Gerçekleştirilen panel, Çocuk ve Gençlik Eğitimi Uygulama ve Araştırma Merkezi ile Kariyer Geliştirme ve Mezun İzleme Uygulama ve Araştırma Merkezi’nin iş birliğiyle Cumhuriyet Konferans Salonu’nda gerçekleştirildi. Açılış konuşmasını yapan Merkez Müdürü Doç. Dr. Hamza Aktaş, merkezin yıl boyunca çocuk ve gençlerin psikososyal, kültürel ve akademik gelişimlerini destekleyen çalışmalar yürüttüğünü belirtti. Panelin altyapısını oluşturan çalışmanın merkez bünyesinde görev yapan öğrenciler tarafından hazırlandığını söyledi.
“GENÇLERİN EVLİLİK ALGISI DOĞAL OLARAK DÖNÜŞÜYOR”

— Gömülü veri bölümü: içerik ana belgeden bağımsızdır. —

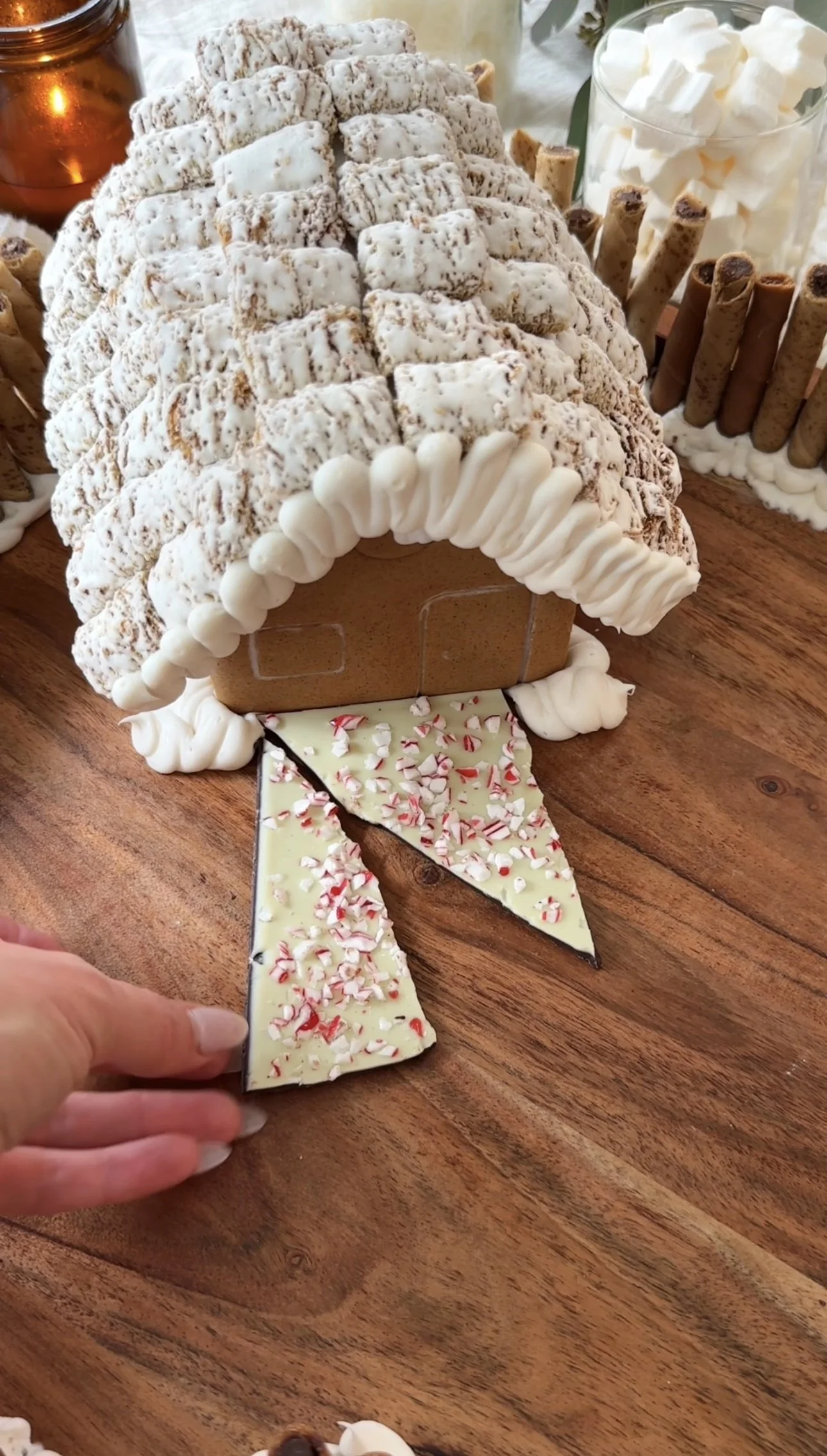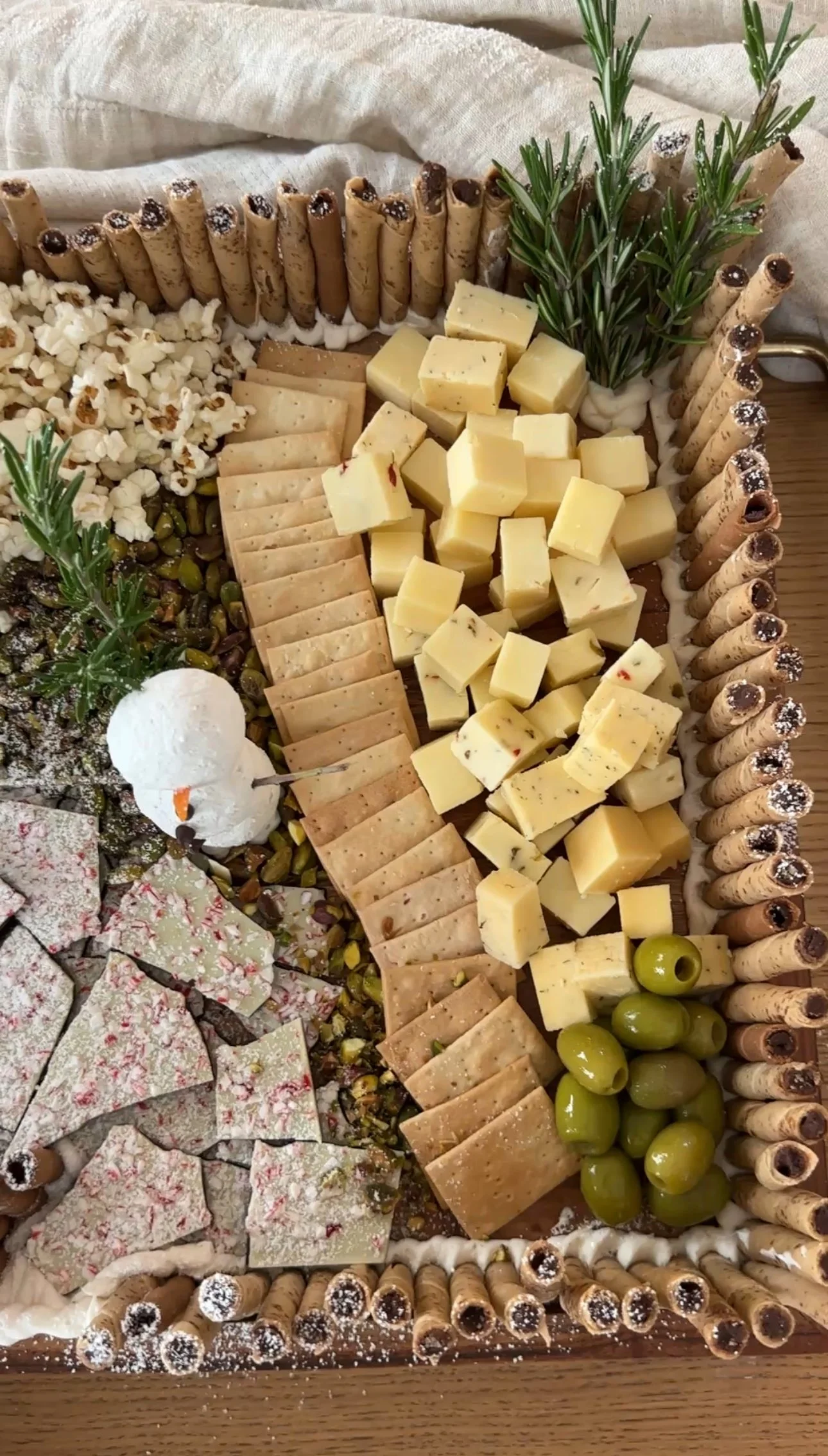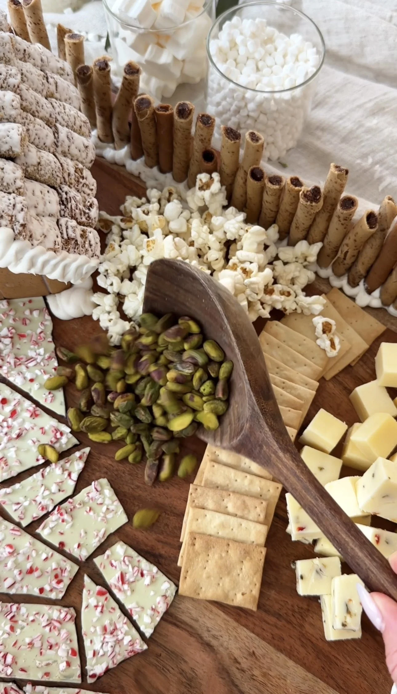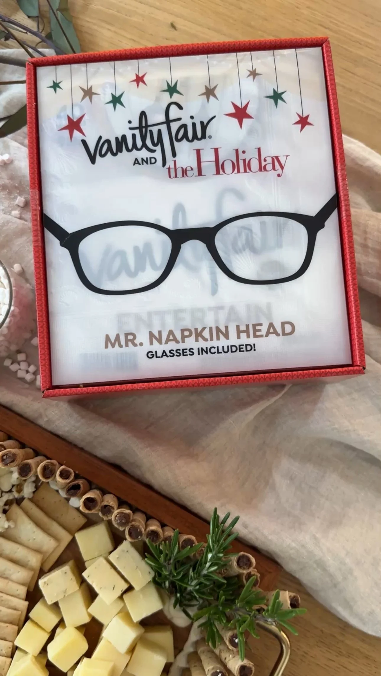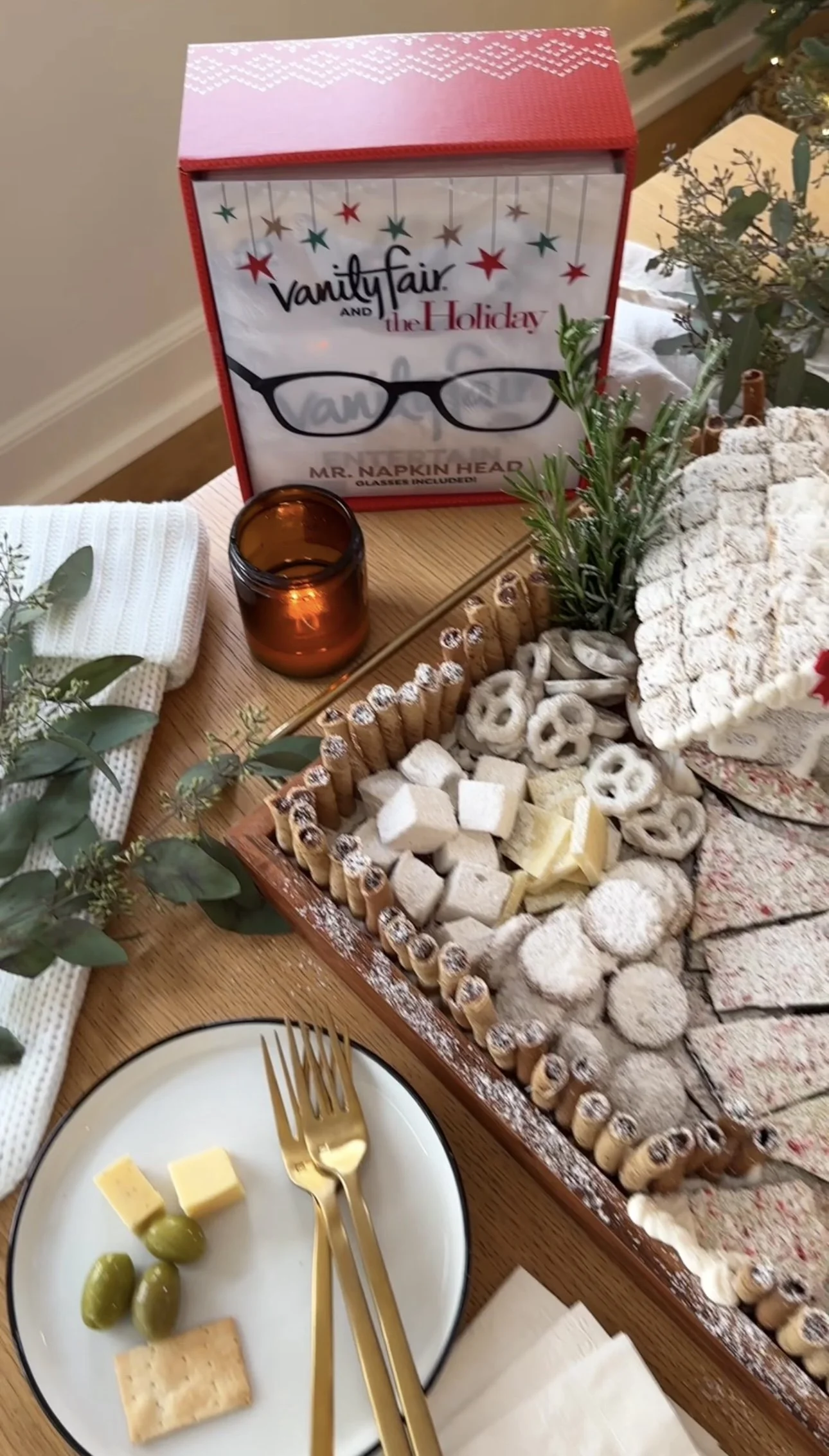 Holiday Snowy Chalet Board ❄️ with @vanityfairnapkins #ad A cozy winter scene you can actually eat. Who can guess the movie!? Soft cheeses, tiny cookies, holiday bark, and sweets dusted in powdered sugar. Perfect for any holiday gathering — and it pairs perfectly with Vanity Fair® Entertain Holiday Napkins, because they elevate any occasion and every bite should be #NapkinWorthy. Order your Vanity Fair x The Holiday Mr. Napkin Head party pack just in time for the holidays!

Rektör Yardımcısı Prof. Dr. İlhan Genç, gençlik, aile ve evlilikte değişen dinamiklerin üniversite gençliğinin bakış açısını anlamak açısından önemli olduğunu ifade etti. Ayrıca, geçmişte ailelerin yönlendirmesiyle oluşan evlilik süreçlerinin bugün bireylerin kendi ilişkileri içinde şekillendiğini belirtti. Ekonomik şartlar, sosyo-kültürel dönüşüm ve dijital çağın bireyselleştirici etkisinin evlilik algısını değiştirdiğini söyledi.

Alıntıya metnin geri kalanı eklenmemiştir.